It was around 2am when they reached the small boat, on the edge of a deserted French beach northeast of Calais. Rupak, no taller than 5ft, tied her lifejacket carefully around her protruding stomach. She was 35 weeks pregnant with her third child. This crossing, she hoped, would mark a new beginning, in time for their baby to enter the world.

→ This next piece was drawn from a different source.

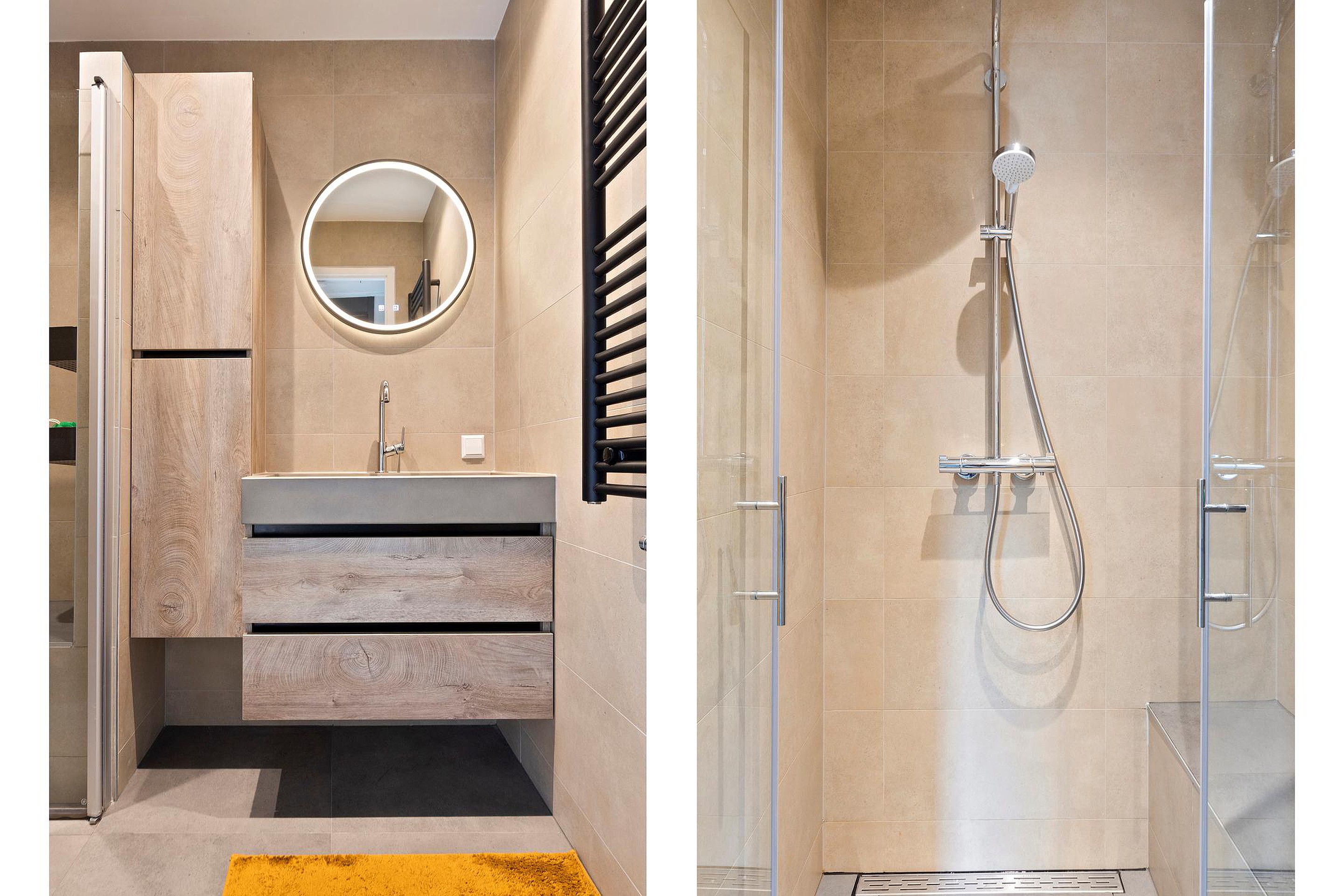 In de aanbouw bevinden zich het toilet en de in 2023 volledig vernieuwde badkamer met regendouche, wastafelmeubel, verwarmde spiegel, dimbare verlichting en designradiator. Vanuit de hal in de aanbouw bereikt u de achtertuin.

Suddenly, torchlight cut through the darkness and a group of figures emerged – police officers. Within moments, they had reached the dinghy and ruptured the rubber hull, rendering it unusable. The asylum seekers were led back up the beach and on to a roadside where two police vans were parked. They were searched and their lifejackets and mobile phones confiscated. This is when the nightmare began.
“My waters broke,” says Rupak. “I was suddenly wet. I was on the ground. I told them I needed help.” The 36-year-old says the officers told her they had contacted their superior and that she must wait. With no phones, Rupak and Hajar could not call an ambulance themselves.
The group – among them a number of young children, including the couple’s son and daughter, Anas, 10, and Elaria, four – remained on the roadside, in the cold, for several hours, under constant surveillance from the officers, according to a complaint issued to the French police by the family’s lawyer. By this point, Rupak was bleeding.
“I’m sure they knew I was going to give birth,” she says. “My clothes were wet and bloodstained and I was showing them that, but they wouldn’t let us leave to go to hospital. The children were crying. My son was very worried. They were cold. They didn’t know what was going on.”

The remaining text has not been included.